[Start of section]

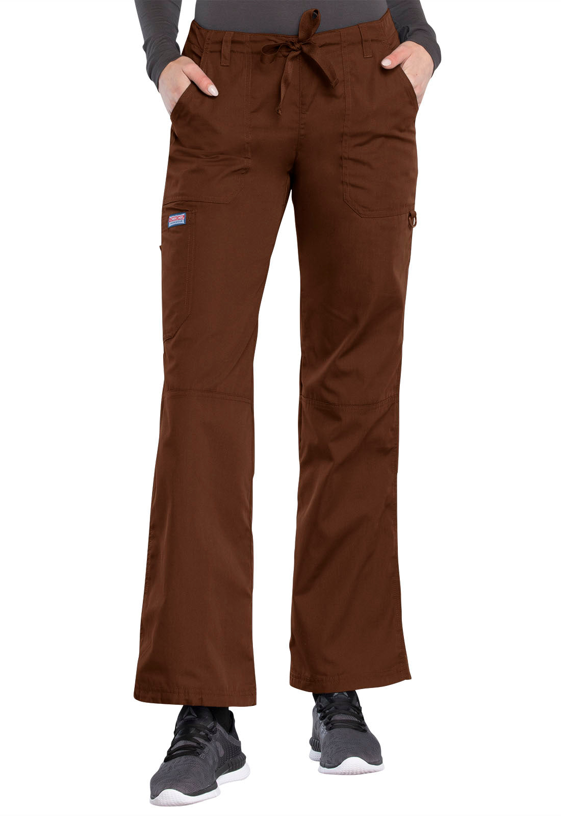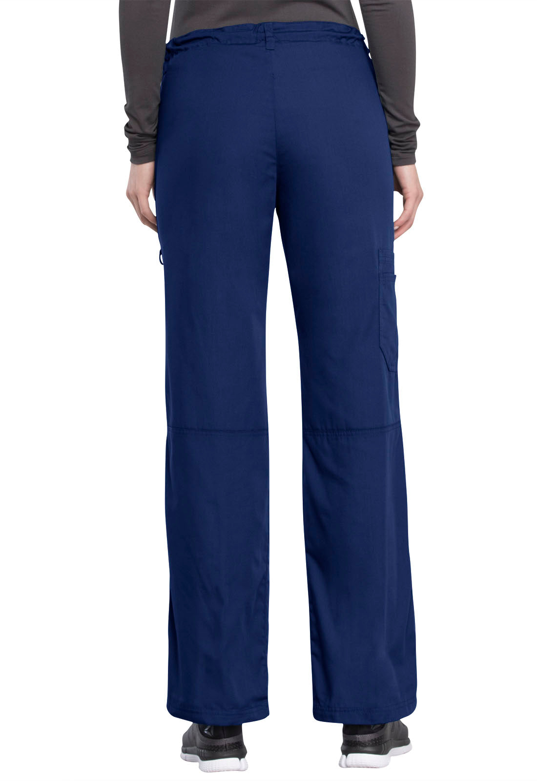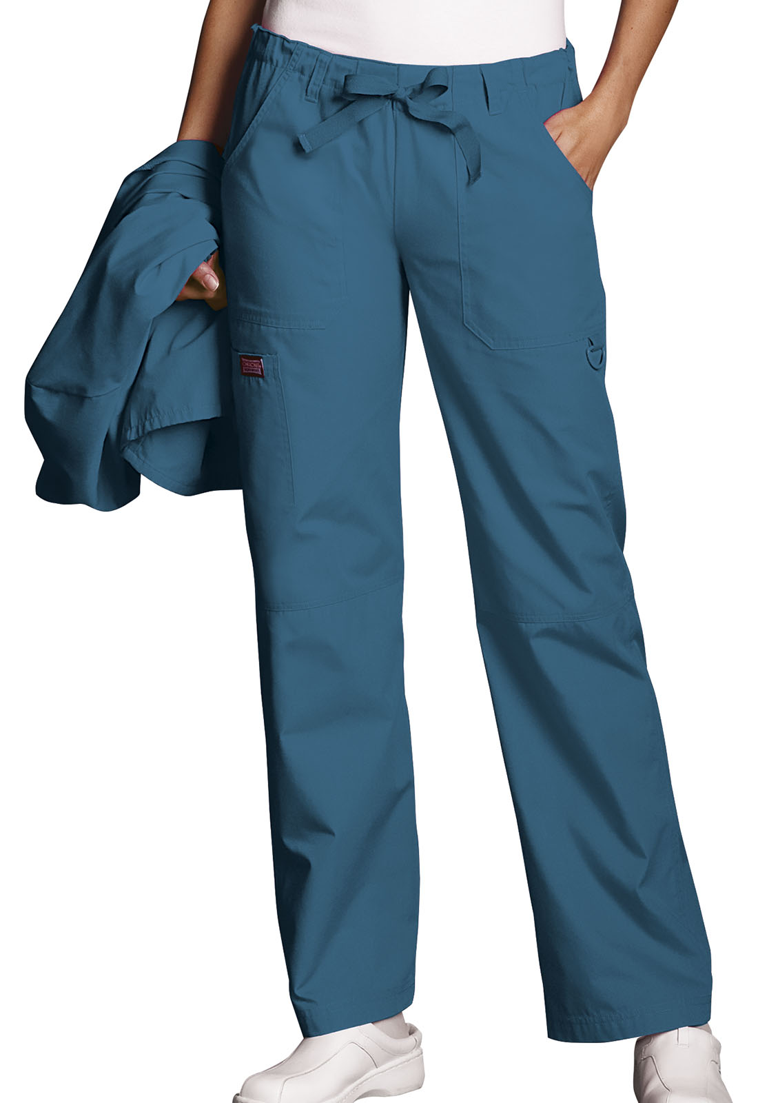 A Modern Classic fit, low rise, straight leg, drawstring pant with an elastic waist features, two front pockets, a D-ring on the left pocket, one cargo pocket with one scissor pocket, leg seaming detail at the knee, five belt loops and double needle top stitching complete this extraordinary pant. Inseam 34"
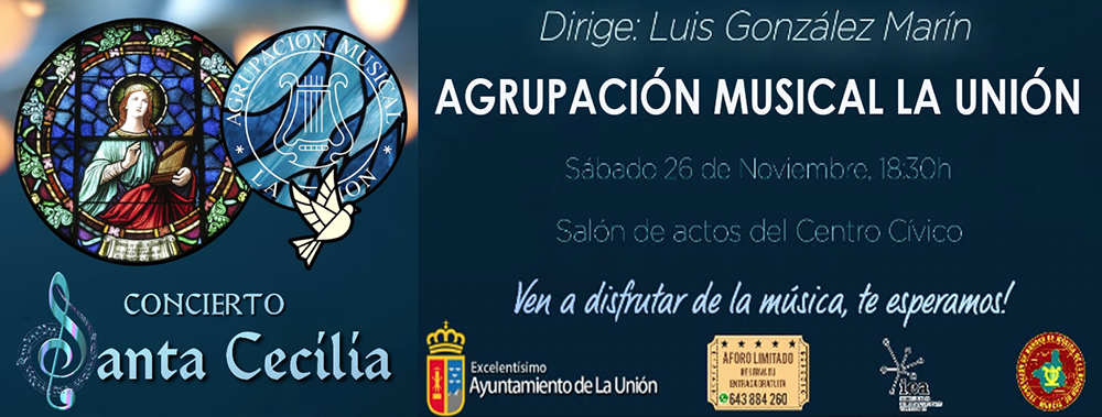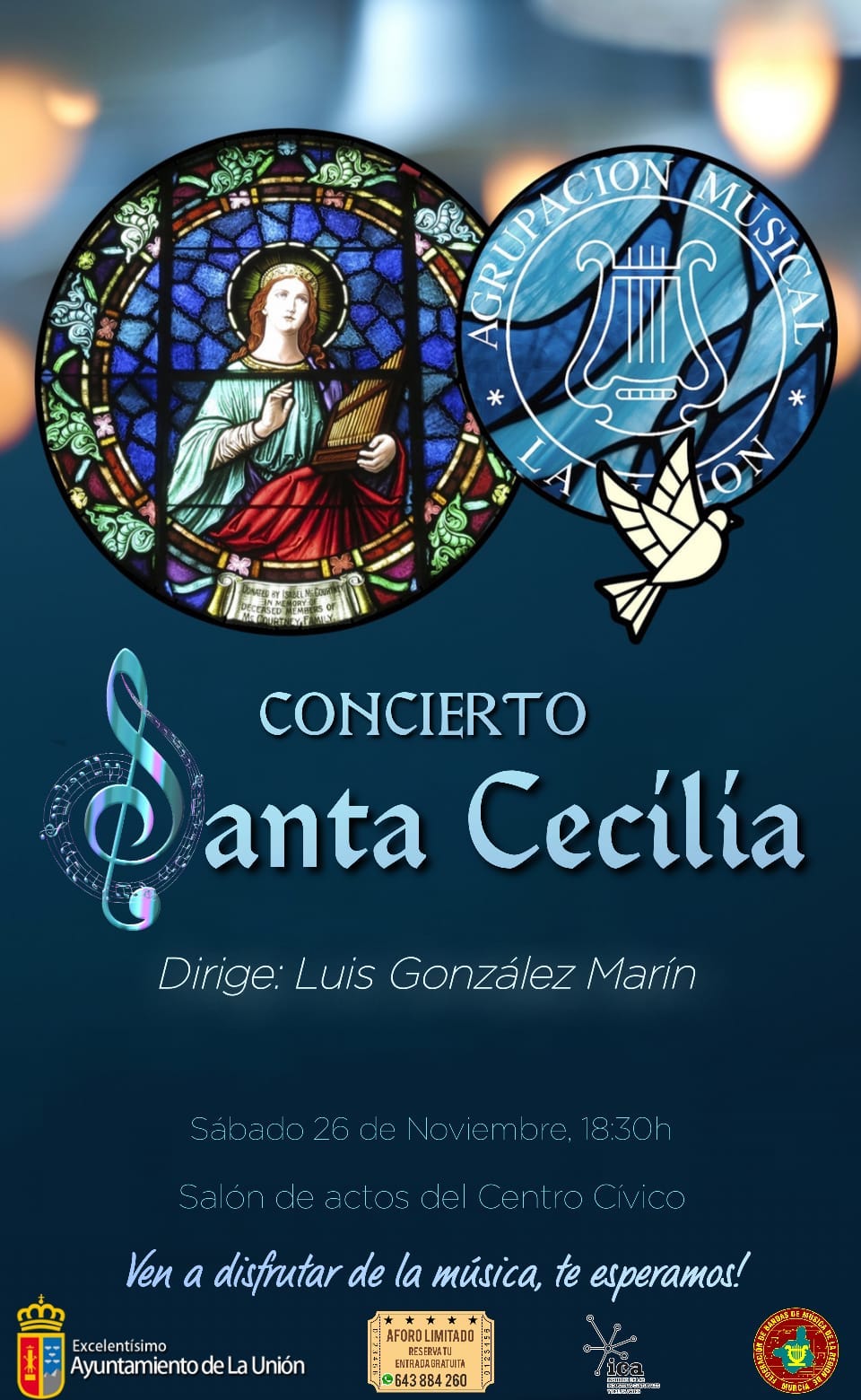 La actuación especial que cada año tributa la Agrupación Musical La Unión a la patrona de la música tendrá lugar el 26 de noviembre a las 18.30 horas en el centro cultural Asensio Sáez al estar en obras el Mercado Antiguo. Debido al aforo más reducido, la AMLU informa que deben reservarse entradas con antelación.
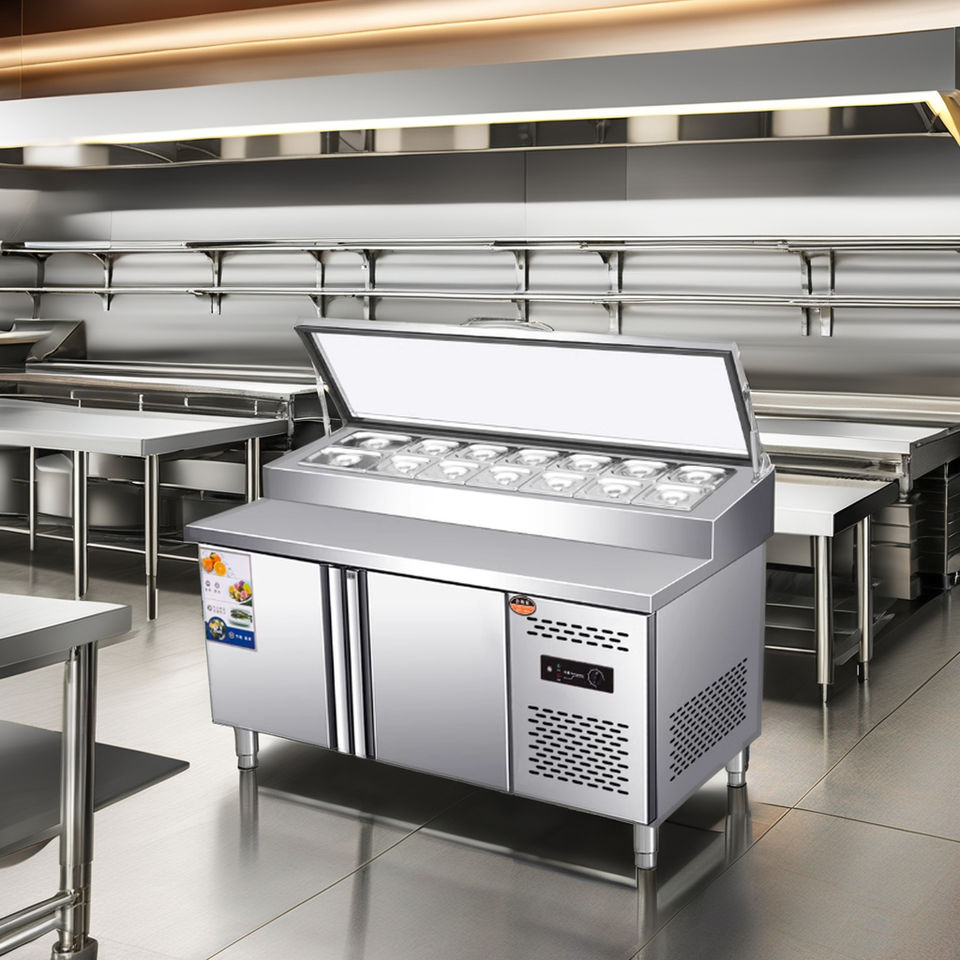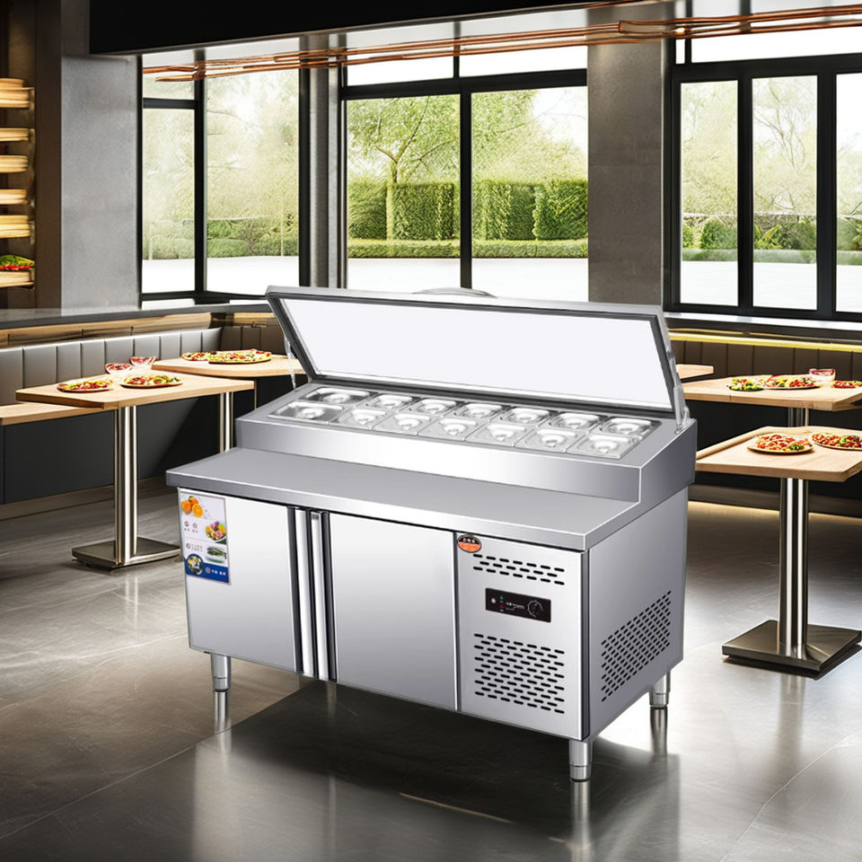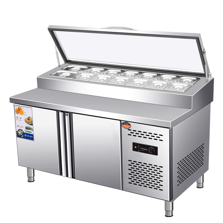 Tavolo per la preparazione del pane in acciaio inox a doppia temperatura tavola per la pizza

[End of section]

■ Task instructions ■
In your copy of the listing above, reproduce each line exactly and omit all pictures.

■ Result of the exercise ■
 A Modern Classic fit, low rise, straight leg, drawstring pant with an elastic waist features, two front pockets, a D-ring on the left pocket, one cargo pocket with one scissor pocket, leg seaming detail at the knee, five belt loops and double needle top stitching complete this extraordinary pant. Inseam 34"
 La actuación especial que cada año tributa la Agrupación Musical La Unión a la patrona de la música tendrá lugar el 26 de noviembre a las 18.30 horas en el centro cultural Asensio Sáez al estar en obras el Mercado Antiguo. Debido al aforo más reducido, la AMLU informa que deben reservarse entradas con antelación.
 Tavolo per la preparazione del pane in acciaio inox a doppia temperatura tavola per la pizza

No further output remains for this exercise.